Data section:
########################################

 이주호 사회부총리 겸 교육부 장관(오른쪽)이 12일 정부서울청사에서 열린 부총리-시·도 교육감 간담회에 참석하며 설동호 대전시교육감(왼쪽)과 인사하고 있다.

########################################

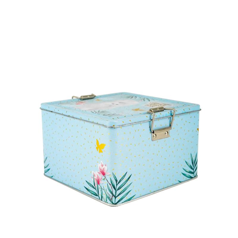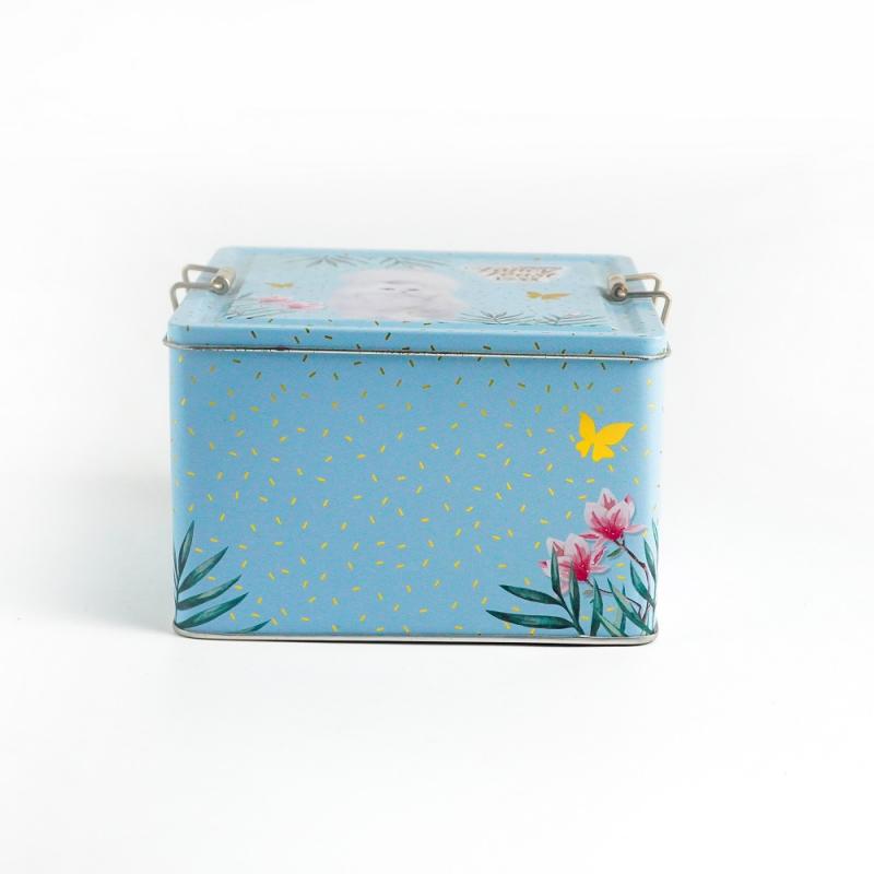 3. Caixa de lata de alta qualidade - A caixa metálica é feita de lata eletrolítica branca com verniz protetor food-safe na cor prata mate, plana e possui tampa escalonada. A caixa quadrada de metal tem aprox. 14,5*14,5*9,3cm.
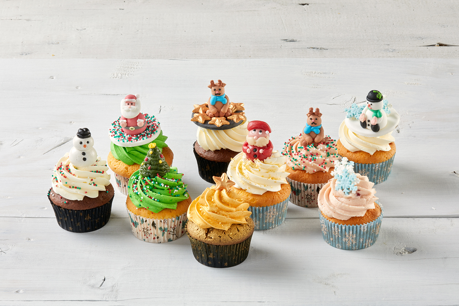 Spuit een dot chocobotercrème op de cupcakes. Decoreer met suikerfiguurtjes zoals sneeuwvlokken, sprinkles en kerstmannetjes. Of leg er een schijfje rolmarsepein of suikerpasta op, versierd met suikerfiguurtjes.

########################################

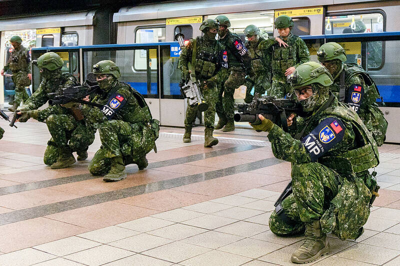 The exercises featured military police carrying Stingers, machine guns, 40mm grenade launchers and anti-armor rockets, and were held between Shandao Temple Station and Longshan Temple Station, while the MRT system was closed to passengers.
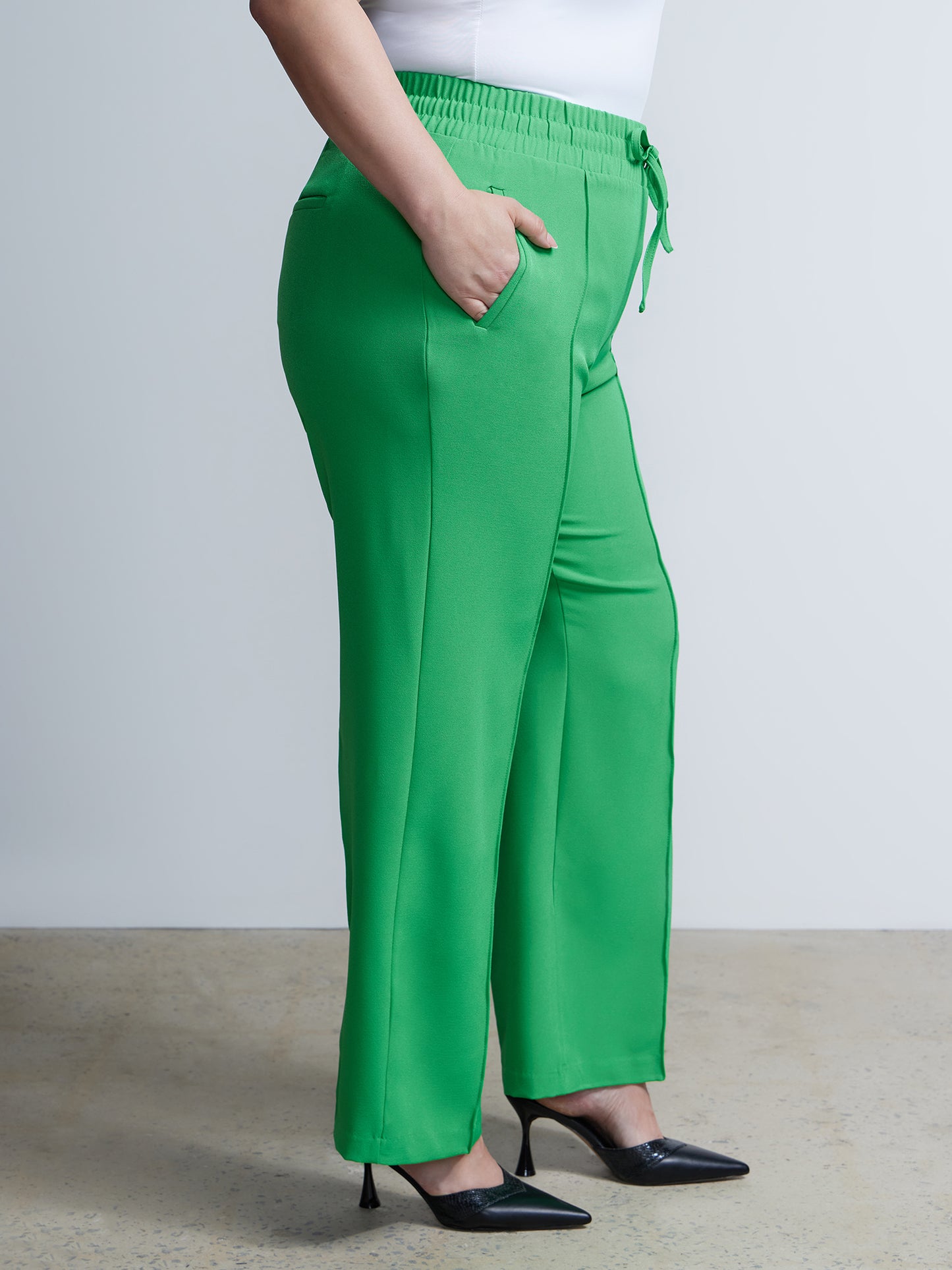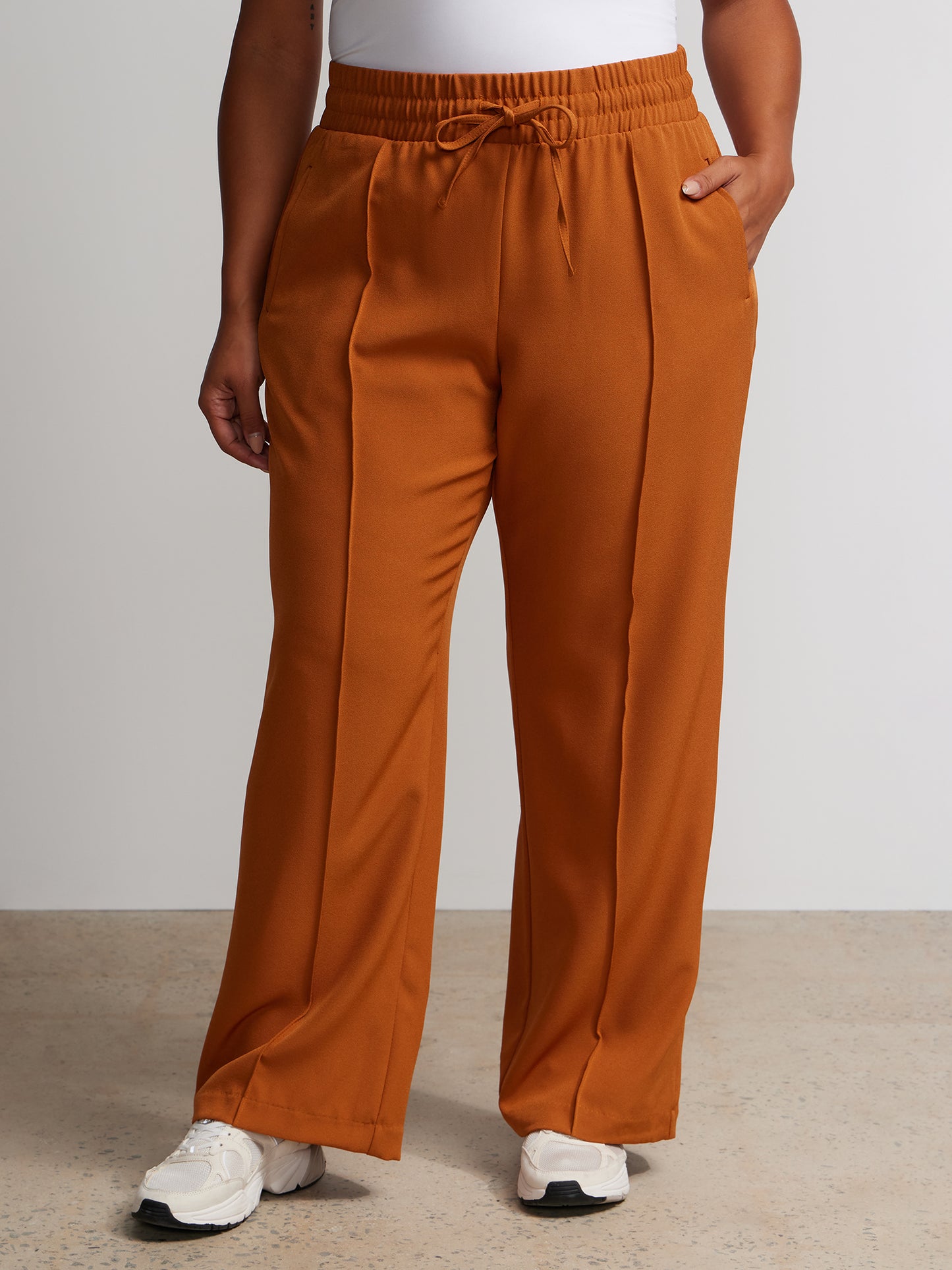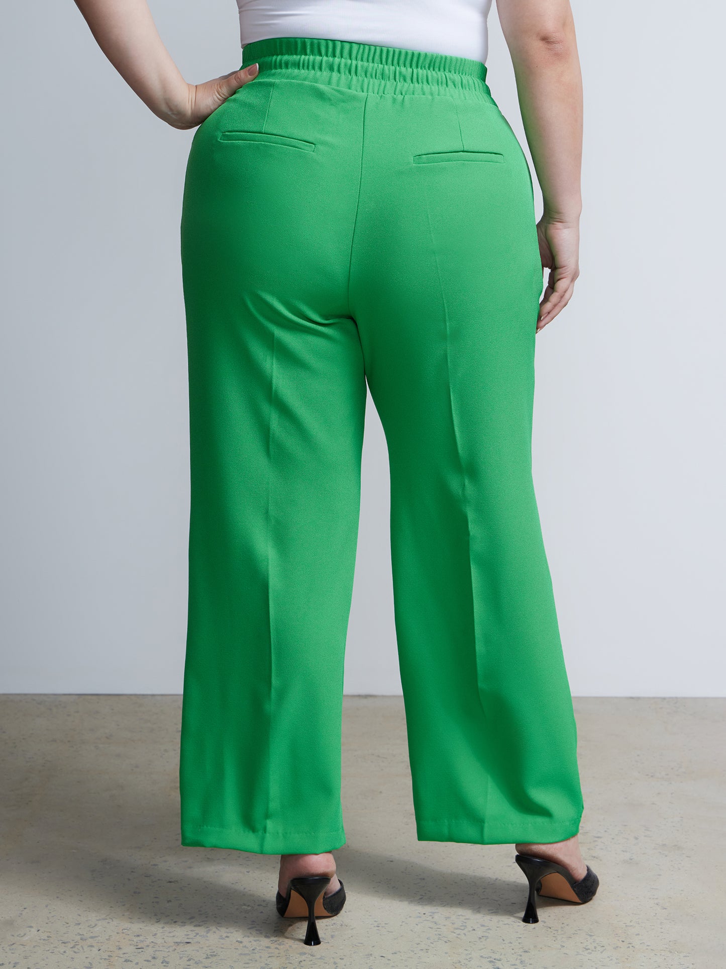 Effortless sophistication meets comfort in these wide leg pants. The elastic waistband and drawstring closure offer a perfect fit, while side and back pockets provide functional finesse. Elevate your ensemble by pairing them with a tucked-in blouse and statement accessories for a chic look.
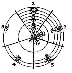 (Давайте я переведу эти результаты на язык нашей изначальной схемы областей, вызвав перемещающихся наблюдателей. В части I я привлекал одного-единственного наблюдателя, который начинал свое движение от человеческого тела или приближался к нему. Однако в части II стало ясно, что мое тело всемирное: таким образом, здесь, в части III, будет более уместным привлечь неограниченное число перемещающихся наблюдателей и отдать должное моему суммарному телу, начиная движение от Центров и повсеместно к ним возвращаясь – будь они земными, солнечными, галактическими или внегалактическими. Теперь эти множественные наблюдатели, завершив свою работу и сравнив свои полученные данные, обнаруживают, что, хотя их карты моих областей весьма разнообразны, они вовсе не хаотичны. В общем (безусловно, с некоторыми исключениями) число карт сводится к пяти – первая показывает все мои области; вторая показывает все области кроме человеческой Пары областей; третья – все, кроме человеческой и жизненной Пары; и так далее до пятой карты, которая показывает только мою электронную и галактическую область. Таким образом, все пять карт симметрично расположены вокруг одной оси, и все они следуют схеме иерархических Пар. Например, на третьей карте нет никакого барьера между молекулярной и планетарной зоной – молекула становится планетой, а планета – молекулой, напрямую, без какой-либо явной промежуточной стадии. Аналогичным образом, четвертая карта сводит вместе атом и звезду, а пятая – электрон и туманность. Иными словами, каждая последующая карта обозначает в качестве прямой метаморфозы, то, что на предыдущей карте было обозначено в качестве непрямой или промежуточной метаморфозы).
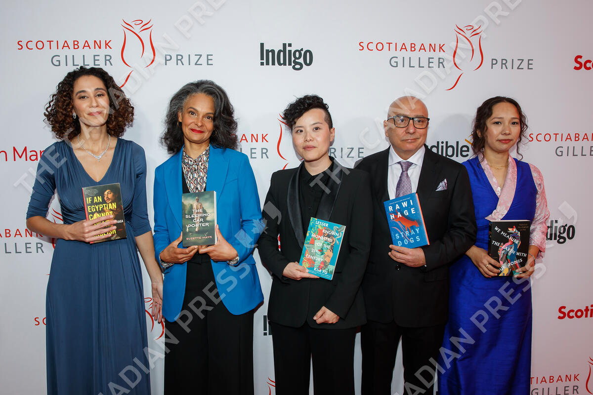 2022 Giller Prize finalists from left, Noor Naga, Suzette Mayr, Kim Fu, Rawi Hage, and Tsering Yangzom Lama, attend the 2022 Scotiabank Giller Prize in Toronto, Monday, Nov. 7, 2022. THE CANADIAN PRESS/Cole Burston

########################################

Exercise brief: Using the entries above, write out exactly the lines from the one with "The exercises featured" through the one with "Effortless sophistication meets", ends included. Leave out any pictures.

Task solution:
 The exercises featured military police carrying Stingers, machine guns, 40mm grenade launchers and anti-armor rockets, and were held between Shandao Temple Station and Longshan Temple Station, while the MRT system was closed to passengers.
 Effortless sophistication meets comfort in these wide leg pants. The elastic waistband and drawstring closure offer a perfect fit, while side and back pockets provide functional finesse. Elevate your ensemble by pairing them with a tucked-in blouse and statement accessories for a chic look.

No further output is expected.